-- Task material follows --

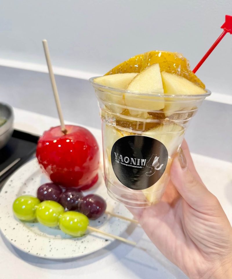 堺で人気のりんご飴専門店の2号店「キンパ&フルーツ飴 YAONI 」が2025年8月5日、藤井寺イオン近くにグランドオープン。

-- Task material concluded --
-- Task material follows --

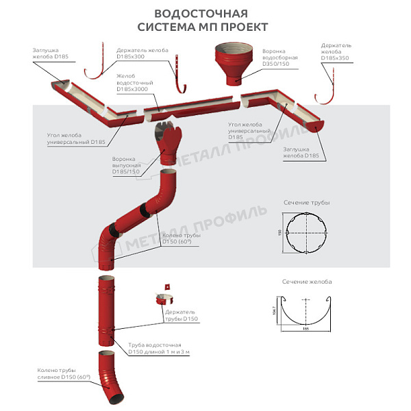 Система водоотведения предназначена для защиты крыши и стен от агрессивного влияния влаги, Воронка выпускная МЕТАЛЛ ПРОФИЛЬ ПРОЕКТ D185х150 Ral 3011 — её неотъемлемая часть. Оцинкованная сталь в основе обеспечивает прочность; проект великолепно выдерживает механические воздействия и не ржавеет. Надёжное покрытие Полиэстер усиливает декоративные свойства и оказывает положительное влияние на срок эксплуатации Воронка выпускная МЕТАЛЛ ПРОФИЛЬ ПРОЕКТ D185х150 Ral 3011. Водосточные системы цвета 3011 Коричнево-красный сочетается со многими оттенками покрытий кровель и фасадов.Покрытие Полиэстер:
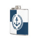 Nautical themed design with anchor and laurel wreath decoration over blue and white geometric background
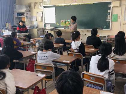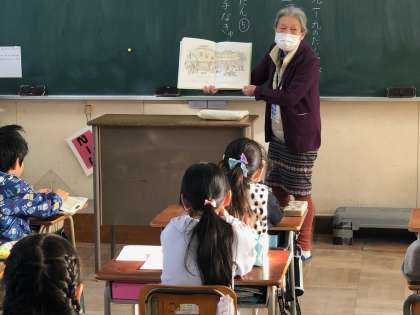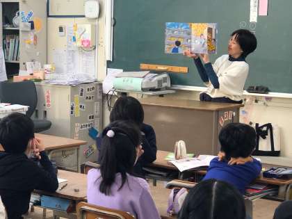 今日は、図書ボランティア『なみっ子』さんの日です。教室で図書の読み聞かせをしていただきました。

-- Task material concluded --

(Exercise goal) Please copy out from the data above, without any picture, exactly the lines running from the one that holds "Nautical themed design" through the one that holds "今日は、図書ボランティア『な", and nothing beyond them.

(Exercise result)
 Nautical themed design with anchor and laurel wreath decoration over blue and white geometric background
 今日は、図書ボランティア『なみっ子』さんの日です。教室で図書の読み聞かせをしていただきました。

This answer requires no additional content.